* The input *
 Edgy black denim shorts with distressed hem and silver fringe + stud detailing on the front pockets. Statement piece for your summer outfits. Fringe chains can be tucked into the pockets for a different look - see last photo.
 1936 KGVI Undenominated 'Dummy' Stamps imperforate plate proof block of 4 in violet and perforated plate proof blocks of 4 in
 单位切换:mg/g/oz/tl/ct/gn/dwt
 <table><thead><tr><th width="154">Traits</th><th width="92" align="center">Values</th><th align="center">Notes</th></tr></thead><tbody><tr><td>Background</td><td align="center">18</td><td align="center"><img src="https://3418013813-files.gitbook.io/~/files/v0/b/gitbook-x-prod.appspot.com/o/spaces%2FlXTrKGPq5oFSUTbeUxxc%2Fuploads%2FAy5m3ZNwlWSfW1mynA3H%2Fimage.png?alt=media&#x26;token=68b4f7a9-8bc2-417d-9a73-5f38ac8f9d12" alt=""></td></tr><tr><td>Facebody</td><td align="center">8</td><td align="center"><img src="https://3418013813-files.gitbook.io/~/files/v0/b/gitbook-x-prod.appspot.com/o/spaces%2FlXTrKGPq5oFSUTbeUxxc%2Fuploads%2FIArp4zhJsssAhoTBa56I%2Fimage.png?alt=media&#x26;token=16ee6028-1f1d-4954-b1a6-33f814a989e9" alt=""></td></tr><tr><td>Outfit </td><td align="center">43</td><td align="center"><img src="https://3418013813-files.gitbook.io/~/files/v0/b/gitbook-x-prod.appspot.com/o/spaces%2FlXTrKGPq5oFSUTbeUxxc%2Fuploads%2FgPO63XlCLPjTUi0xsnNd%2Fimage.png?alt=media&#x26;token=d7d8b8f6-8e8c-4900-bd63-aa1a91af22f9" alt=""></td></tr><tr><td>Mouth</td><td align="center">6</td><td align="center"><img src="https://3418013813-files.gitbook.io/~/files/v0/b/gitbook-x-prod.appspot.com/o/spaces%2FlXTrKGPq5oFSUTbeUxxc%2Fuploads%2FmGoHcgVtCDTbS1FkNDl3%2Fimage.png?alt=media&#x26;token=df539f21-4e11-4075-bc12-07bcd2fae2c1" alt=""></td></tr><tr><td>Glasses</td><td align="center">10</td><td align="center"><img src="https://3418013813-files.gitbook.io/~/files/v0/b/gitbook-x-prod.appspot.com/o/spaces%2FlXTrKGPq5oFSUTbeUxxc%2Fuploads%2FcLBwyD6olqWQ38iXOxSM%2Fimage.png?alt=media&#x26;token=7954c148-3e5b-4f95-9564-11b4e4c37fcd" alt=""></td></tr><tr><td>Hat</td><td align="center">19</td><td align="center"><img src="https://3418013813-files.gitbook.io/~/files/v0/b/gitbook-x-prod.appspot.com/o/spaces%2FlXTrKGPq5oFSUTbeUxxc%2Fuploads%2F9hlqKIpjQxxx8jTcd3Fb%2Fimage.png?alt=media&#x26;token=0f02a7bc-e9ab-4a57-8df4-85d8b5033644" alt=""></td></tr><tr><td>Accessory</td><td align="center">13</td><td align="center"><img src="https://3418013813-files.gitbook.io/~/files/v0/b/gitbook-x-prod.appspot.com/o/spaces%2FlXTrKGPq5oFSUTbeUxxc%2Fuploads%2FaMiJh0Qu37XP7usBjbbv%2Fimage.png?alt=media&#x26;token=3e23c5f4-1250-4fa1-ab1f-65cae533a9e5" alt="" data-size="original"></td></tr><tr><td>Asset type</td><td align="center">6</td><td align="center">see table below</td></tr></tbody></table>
==
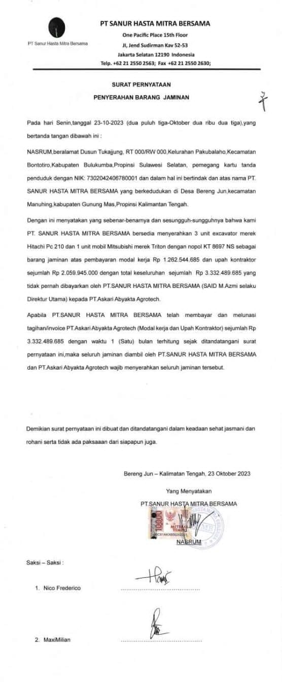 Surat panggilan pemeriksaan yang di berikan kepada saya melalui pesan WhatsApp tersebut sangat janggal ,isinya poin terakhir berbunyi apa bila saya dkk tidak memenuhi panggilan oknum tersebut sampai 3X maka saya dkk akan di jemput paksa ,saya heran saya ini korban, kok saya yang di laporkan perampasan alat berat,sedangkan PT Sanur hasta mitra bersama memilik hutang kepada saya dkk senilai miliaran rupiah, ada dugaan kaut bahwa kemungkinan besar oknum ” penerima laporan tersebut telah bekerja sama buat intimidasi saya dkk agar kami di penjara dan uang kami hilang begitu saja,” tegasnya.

* Work required *
Look above for the line holding "Edgy black denim", then set down exactly that line and every line after it up to and including the line holding "单位切换:mg/g/oz/tl/ct/gn/dwt", with nothing else.

* Solution for this task *
 Edgy black denim shorts with distressed hem and silver fringe + stud detailing on the front pockets. Statement piece for your summer outfits. Fringe chains can be tucked into the pockets for a different look - see last photo.
 1936 KGVI Undenominated 'Dummy' Stamps imperforate plate proof block of 4 in violet and perforated plate proof blocks of 4 in
 单位切换:mg/g/oz/tl/ct/gn/dwt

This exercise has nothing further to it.